But Matthew proved a little too much of a man for her. He treated Margaret as roughly as she had treated Jean. He shut her up in the Castle of Saverdun, where he retained her for fifteen to sixteen years. At the end of that time she appealed to Charles VII when he was at Toulouse, and Matthew was forced to surrender her into the King's hands. Then Margaret, to vent her spite against her husband, made over the county of Cominges, in 1442, along with all her estates, to the Crown of France. Next year she died at Poitiers at the age of eighty.

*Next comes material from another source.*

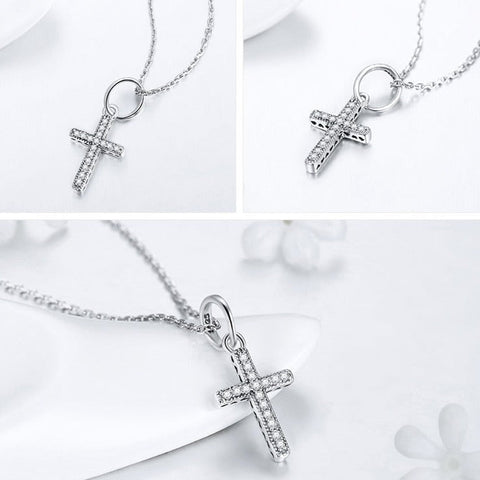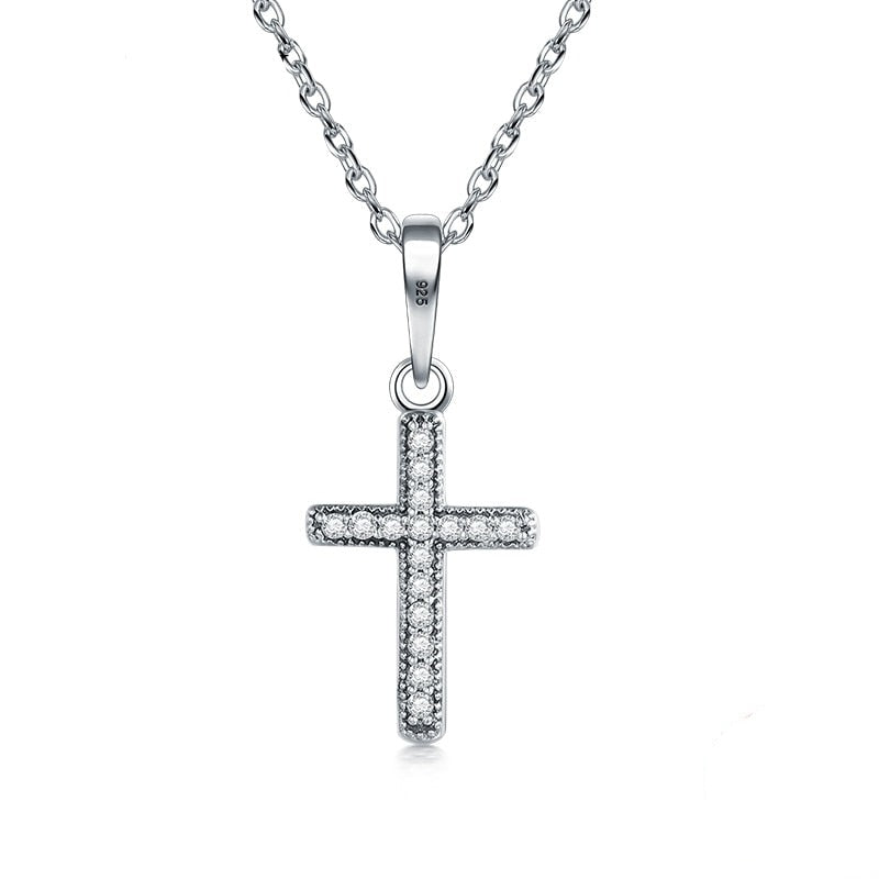 O pendente em forma de cruz mede 2 x 1 cm, um detalhe discreto, mas marcante. Esta joia é feita de prata S925, o que a torna resistente e duradoura — perfeita para uso diário. A prata S925 é também hipoalergénica, sendo ideal para peles sensíveis.

The Garonne does not rise in France, but in Spain, and, by what is an apparent caprice, the frontier does not follow the crests of the highest mountains, but runs north, making a loop so as to include the Val d'Aran in Spain.

But though the valley is reached by a good carriage road from France, and can communicate with Spanish neighbours only by a mule path over a pass 8000 feet high and impassable for many months in the year, yet the valley has pertained to Spain since 1192.

Of the Val d'Aran more presently. We must first, after the antiquity and decay of S. Bertrand, refresh ourselves with the novelty and up-to-datedness of Luchon; certainly one of the most delightful centres from which to radiate in all directions, that is to be found in Europe. All the comforts, distractions, and amusements that go to make a watering-place pleasant are to be had there as elsewhere, and better than elsewhere in the Pyrenees.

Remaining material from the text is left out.